A rising number of community advisors are complaining that their floors have simply not bonded enough, the Department of Student Affairs reported. Attendance at programs that don’t offer food has been low, and many CA’s are frustrated by the lack of open doors on their floors. Some CAs have even resorted to knocking on individual doors and providing a list of friends on the floor for each resident.

“First, we thought we could have a floor bonfire. Then we realized that would have a low attendance too! Instead, we decided to literally set our floors on fire,” said one CA whose floor is literally not ever having sleepovers with each other.

Last week, the CAs carried out their “Fire and Fun” program. They set off all fire alarms in their building at 2 AM on a Sunday to force all of the residents outside. Once a majority of the residents had evacuated the building, the CAs locked all of the doors to get back in and made everyone do icebreakers for forty-five minutes.

“I don’t care what my fucking floormate’s craziest vacation memory is, I have an 8 AM and need to go to bed!” huffed one second-year, who did not enjoy the Fire and Fun program.

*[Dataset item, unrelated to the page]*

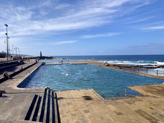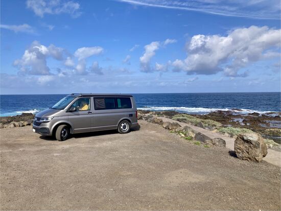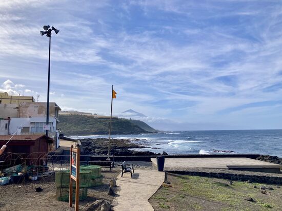 Wir verlassen Puerto de la Cruz und ziehen um auf einen Platz bei einem kleinen Dorf, direkt am Meer, aber ohne Gischt. Auf dem Platz stehen unter Tags ein paar Fahrzeuge von Anglern. Abends wird es leer und zur Nacht gesellt sich der eine oder andere umgebaute Transporter mit regionaler Zulassung dazu.

While many residents complained about Fire and Fun, the CAs have continued to plan untraditional programming undaunted. For example, one cluster will be doing a version of the Escape Game, in which the CAs lock all the doors and windows of the dorms right before class and the only way to get out is to work with your floor. Other CAs are going as far as to direct all phone calls calling to report an emergency to a resident’s phone, who will then have to deal with the emergency.

“Yeah I know, it might seem a little extreme, but look at it this way: my floor is spending so much quality time together!” exclaimed an elated CA whose floor is reportedly terrified of them.

The issue has been brought to the attention of the college’s administration, which seems to be in favor of the new programming.

“You said non-punitive CAs, and you got non-punitive CAs. Granted, you can never be sure if you’ll be safe from potentially being set on fire in the name of ‘bonding’ but they’re non-punitive!” said an employee of student affairs. “I suspect that we’re going to see a dramatic improvement in floor community and respect because of these new programs.”

Indeed, many younger students have reported feeling closer to their floor than ever. “We’re constantly terrified,” said one first-year. “I was told the older students wouldn’t bite, but my CA bites. Literally! She bites us all so that we have to take care of each other and bond!”

Other students echoed similar sentiments. Many report feeling close to their floor just because their floor is the only people who understand how awful their CA really is. Additionally, many floors have appointed one representative to serve as a “CA lookout” and potential fire alarm should the CA try a new floor-bonding activity.

When the Residence Life Coordinators were contacted for a comment, many of them asked what a Community Advisor was.